Wednesday, December 19, 2018

Messiah

Tonight we heard Messiah by the Memphis Symphony Orchestra and a small choir formed from the Memphis Symphony Chorus. They outdid themselves. It was wonderfully, powerfully done. I'll be dreaming the music, I suppose.

The man next to me had brought the score with him and said for me to poke him if he accidentally started singing. It is hard for me too, in a way, to sit there and not sing. I saw a woman on our row mouthing the words.

Seeing the people around me was almost as delightful as hearing the music. Something about the way the pews were shaped and placed made it easier than usual to see people. And because they kept the lights up.

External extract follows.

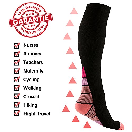 Features ? Graduated Compression, 20-30mmHg ? Superior grade circular knit structure ? Made of moisture wicking material ? Cushioned toe and heel support ? Stylish, 2 size range to choose ? Won't slip down legs ? Great for anyone on their feet all day ? Ideal for daily use and outdoor activities Benefits: ? Stimulate blood flow and improve blood circulation ? Better oxygen delivery to your muscles ? Reduce swelling and fatigue from prolonged sitting or standing ? Reduce feelings of heaviness and tiredness in the leg ? Reduce risk of deep vein thrombosis or blood clots ? Help speed up recovery time after surgery ? Help maintain healthy, energized legs People with the following symptoms may benefit from Reehut Compression Socks: ? Tired, aching, fatigued, and swollen feet ? Shin splints, and calf muscle pull ? Plantar fasciitis, and achilles tendonitis ? Edema, lymphedema, and venous insufficiencies ? Post-surgical recovery, and athletic recovery ? DVT, spider veins, and varicose veins Common occupations that may benefit from Reehut Compression Socks: ? Nurses and doctors ? Masseurs, cosmetologists, and stylists ? Frequent travelers or anyone taking a long plane flight ? Teachers, Warehouse, packing, or delivery occupations ? People with jobs that require prolonged standing or sitting Reehut Compression Socks - Energizes and Protect Your Legs! 0 |

So I saw this man with his well worn score, the woman mouthing the words. People all around were gently swaying in time to the music, as I found myself frequently doing. I noticed a woman two rows ahead of us who could barely contain her joy when it was time for the Hallelujah Chorus, and when everyone broke into applause, she not only clapped but also raised her hands upward, the way people sometimes do in worship.

I sat there and wondered how many people there believed what was being sung, or how they believed it. I thought about this again after Worthy Is the Lamb, when the applause rang on and on and on, longer than usual for a symphony performance. And certainly longer than you would expect for a piece so frequently performed, so familiar.  My own hands began to hurt from it, but there was no way I would stop as long as it was socially acceptable to keep clapping! The joy in the air was palpable.

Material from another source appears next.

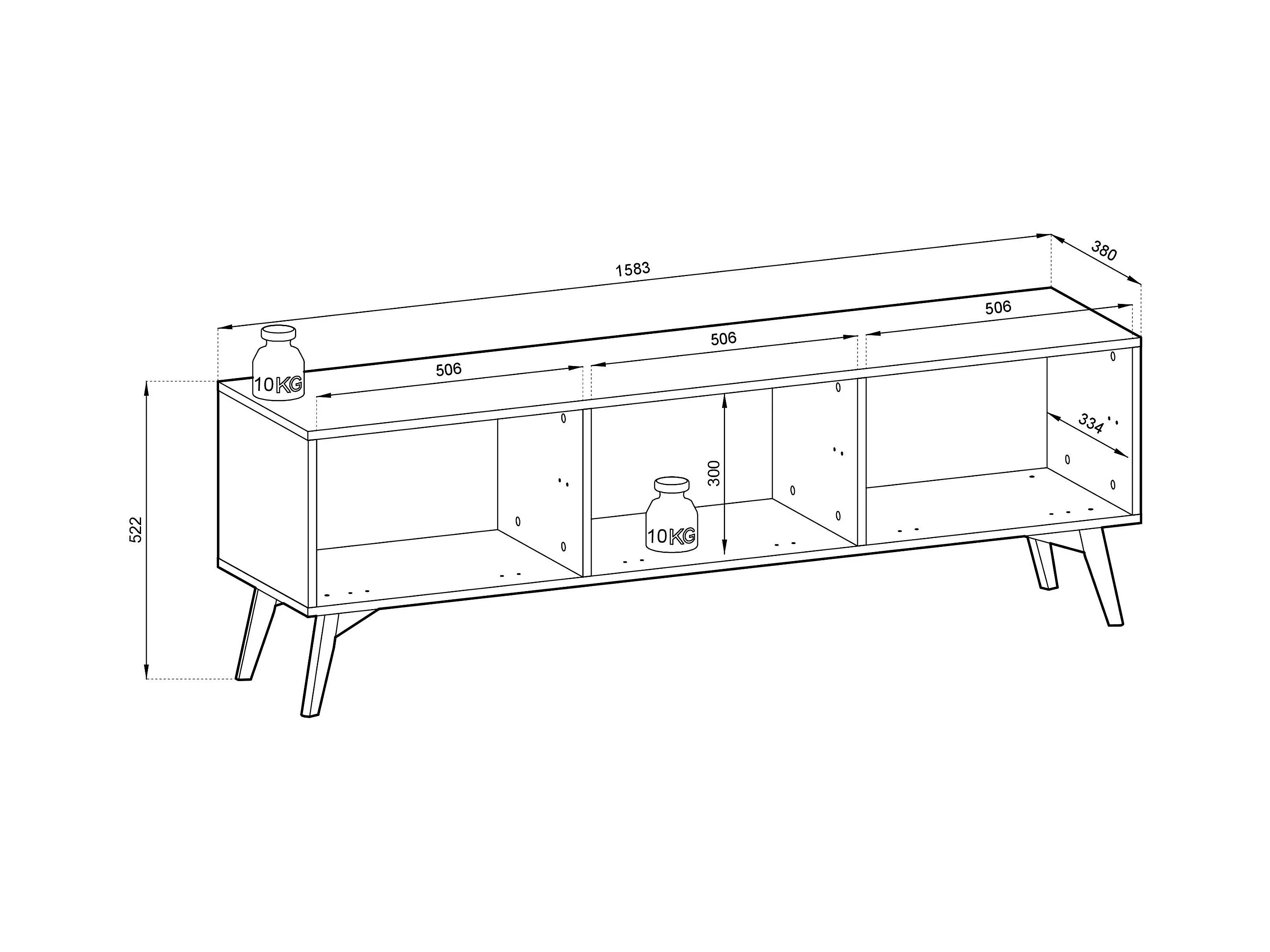 Meuble TV 3 portes en bois lamellé 158x52 cm

Messiah is long and covers much territory, and my mind went to so many places this evening as I listened to the music--to the stories and ideas the passages point to, and to times in my own life when I've sung the music, or when I've "beheld the Lamb" in a particular way. I thought about the ways I've gone astray like sheep, and about my high school music teacher introducing us to various pieces and talking about how Handel used the music to "show" sheep straying here and there and valleys being exalted and rough places being made plain.

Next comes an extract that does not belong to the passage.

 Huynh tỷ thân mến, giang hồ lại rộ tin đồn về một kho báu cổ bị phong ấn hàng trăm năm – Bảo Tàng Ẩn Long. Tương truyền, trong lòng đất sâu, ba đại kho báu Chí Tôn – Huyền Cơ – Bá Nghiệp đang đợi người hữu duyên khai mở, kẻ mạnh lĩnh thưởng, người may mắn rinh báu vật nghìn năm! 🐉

Tonight I wondered where all the minds in the room were going, what all was represented by the people present, what their stories were, why they loved this music so much. And there was no doubt at all that they did, given that prolonged applause. I thought of Kurt Vonnegut's story about the child who had seen the sun, living on a planet where no one had seen the sun and didn't believe it was real. They teased the child who talked about it, and the story doesn't have a happy end, though the sun proves to be real, after all.

I just wondered tonight, what does Messiah mean to all these people in this room? For how long will it continue to be cherished and performed in a culture that seems to be growing more and more secular? Will the music alone be enough to keep it alive? And if so, how often might it actually cause someone to wonder, to ponder, to search?

It's amazing where all a mind can go during two and a half hours of music!

But it kept coming back to the words and the music, and tonight was a beautiful gift in this life of watching and waiting for the eventual Hallelujah Chorus. Hallelujah!